→ WORK ORDER:
Using the data below, set down every line from the one containing "Yfirlitsmynd af Century" through the one containing "de bladselderij il sedano", inclusive and unchanged. Pictures are to be skipped.

→ INPUT RECORDS:
────────────────────
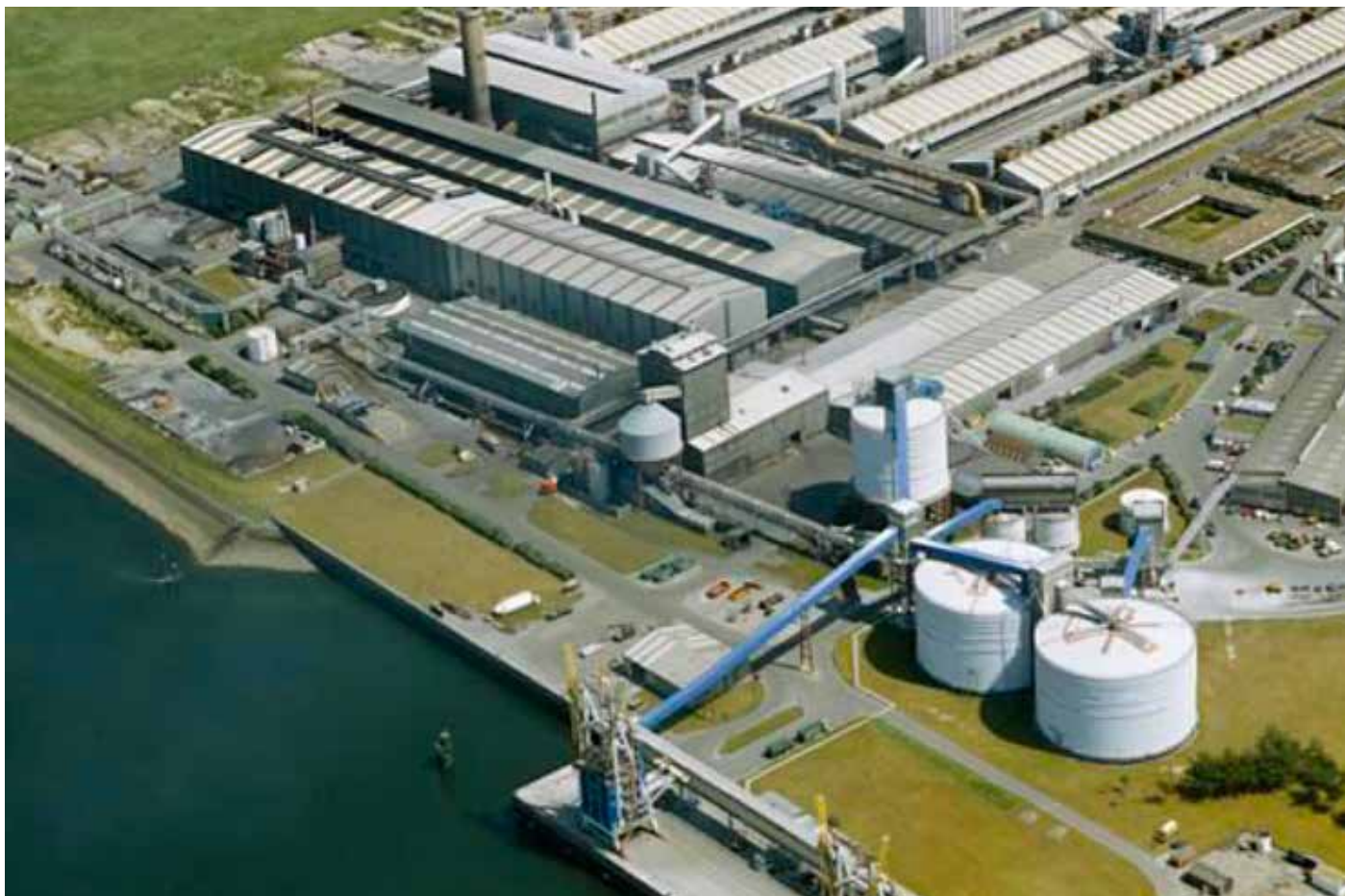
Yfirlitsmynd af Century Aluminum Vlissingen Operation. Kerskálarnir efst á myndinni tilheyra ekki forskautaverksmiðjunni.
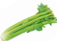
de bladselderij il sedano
────────────────────
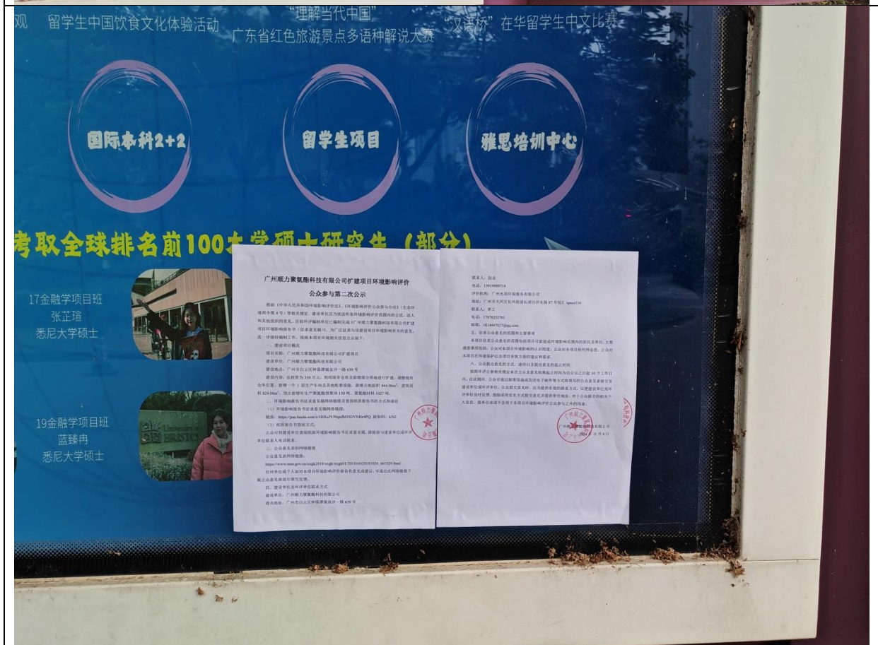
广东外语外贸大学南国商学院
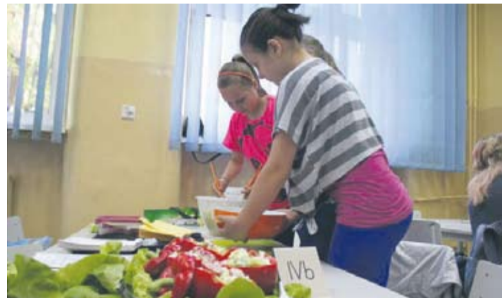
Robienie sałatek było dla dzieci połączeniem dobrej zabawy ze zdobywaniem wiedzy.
────────────────────
→ TASK RESPONSE:
Yfirlitsmynd af Century Aluminum Vlissingen Operation. Kerskálarnir efst á myndinni tilheyra ekki forskautaverksmiðjunni.
de bladselderij il sedano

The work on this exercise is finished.